To summarize the recognition test ERP results, we found that unexpected test items elicited larger LPC amplitudes than both expected and anomalous test items. In addition, we found that anomalous test items elicited greater amplitude N1 responses compared with expected and unexpected test items.

EXPERIMENT 2

Materials and Methods

Participants

Forty-six participants were recruited to participate in the experiment through Prolific, an online data collection platform (www.prolific.co) that uses bot detection, prescreening, participant requirements, and ethical payment practices to ensure higher data quality than alternative online platforms (Palan & Schitter, 2018; Peer, Brandimarte, Samat, & Acquisti, 2017). The experiment took approximately 60 min, and participants were paid $12 for their participation. Participants were required to be native English speakers located in the United States, with a minimum age of 19 years and a maximum age of 45 years. The mean participant age of the remaining sample was 31 years. The study was approved by the institutional review board of UIUC, and all participants provided written informed consent and were debriefed following participation.

Materials

The stimuli were composed of the 120 SC sentences from Experiment 1. Because the effects of prediction violations on recognition memory were largely only observed for SC sentences, and to make the experiment shorter to include memory recall as well, the WC sentences were omitted for Experiment 2. A third of the sentences (40) ended with the expected or highest cloze probability sentence ending, a third of the sentences ended with an unexpected but plausible sentence ending (cloze probability approximately 0), and the final third of the sentences ended with a semantically anomalous ending word. Thus, participants read 40 SC sentences with expected endings (SCE), 40 with unexpected endings (SCU), and 40 SC sentences with anomalous endings (SCA).
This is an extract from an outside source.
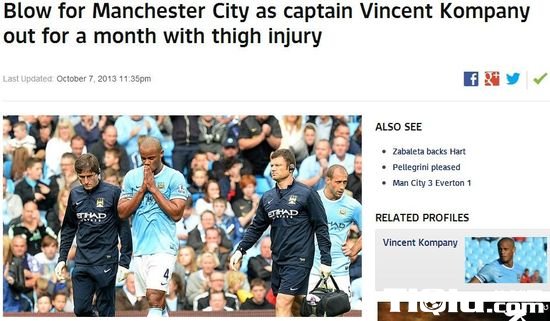 国际足球 时间:2013-10-08 15:42来源:http://gjzq.tiqiu.com编辑:小伍哥【导读】本赛季曼城状态起伏不定,很大原因是跟队长孔帕尼的伤病有关,比利时人康复还没几轮又倒下,这对于志在夺冠的蓝月亮是大大的打击,据权威的天空体育披露,因为在曼城3-1击败埃弗顿的比赛中大腿受伤,曼城队长孔帕尼将会缺阵4周。

Participants were also tested on their recognition memory for sentence ending words in the recognition memory blocks of the experiment. In each of the two recognition blocks, participants were presented with 60 test items. These included 30 sentence ending words that were read in the encoding period (matches: 10 expected, 10 unexpected, and 10 anomalous), 20 expected endings to sentences that ended with prediction violations (lures: 10 previously unexpected, and 10 previously anomalous), and 10 words that were not read during the encoding period (new words), leading to 120 items across the two recognition blocks.

Procedure

Participants first provided informed consent to participate and then answered demographic questions. Following this, participants were told they would read a series of sentences and that they should try to remember the entire sentences as best as they could, as their memory for the sentences would be tested. Importantly, because the experiment was online and participants were not monitored, participants were told not to use any external aids or take notes during the study to remember the sentences and that our goal was to study what people are able to naturally remember after reading sentences.
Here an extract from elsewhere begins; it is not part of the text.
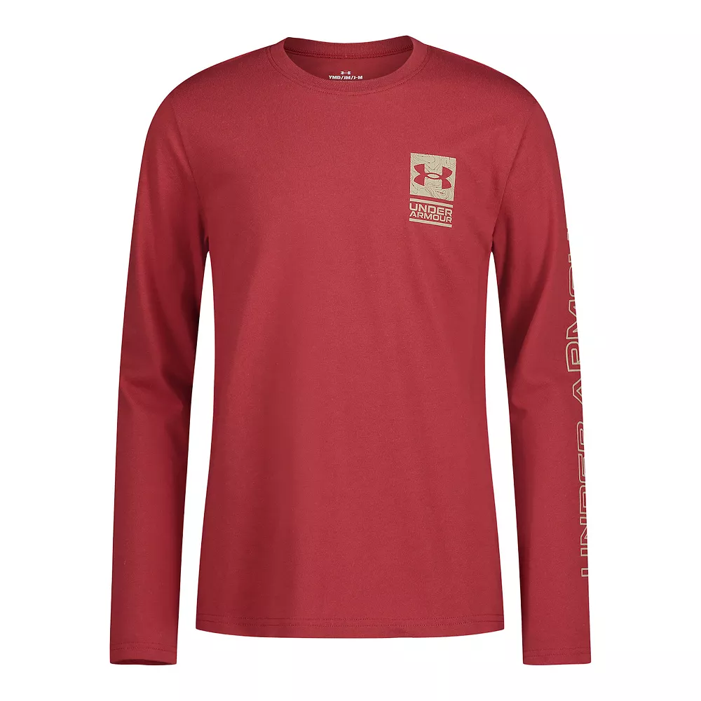 Under Armour defines cool and athletic style with this boys’ long-sleeved graphic tee.

The procedure was similar to that of Chung and Federmeier (2023). Participants completed 10 blocks of sentence reading. In each block, 12 sentences (4 from each condition) were presented in a random order and were presented one word at a time. The timing of the presentation of the words was identical to the EEG experiment in an attempt to match memory performance as closely as possible; each word appeared for 200 msec, followed by a 300-msec interstimulus interval, and a 500-msec blank screen followed the final word, followed by a fixation cross for 1000 msec. Following the sentence reading, participants were given math problems to complete for 30 sec as a distractor between the encoding and test phases, identical to Experiment 1.

Following the math problems, participants were tested for their free recall of the sentences they had read. Participants were provided a text entry box and were told to write out as many sentences that they could remember in any order in the provided text box. In addition, they were told to write out full sentences whenever possible, but that if they could only remember single words or phrases, then to provide those in the text box as well. Participants were given 3 min to enter their responses. Participants could not end the recall period early, and thus the 3 min were equivalent across blocks and participants. A free recall test was given at the end of each block, leading to 10 free recall tests.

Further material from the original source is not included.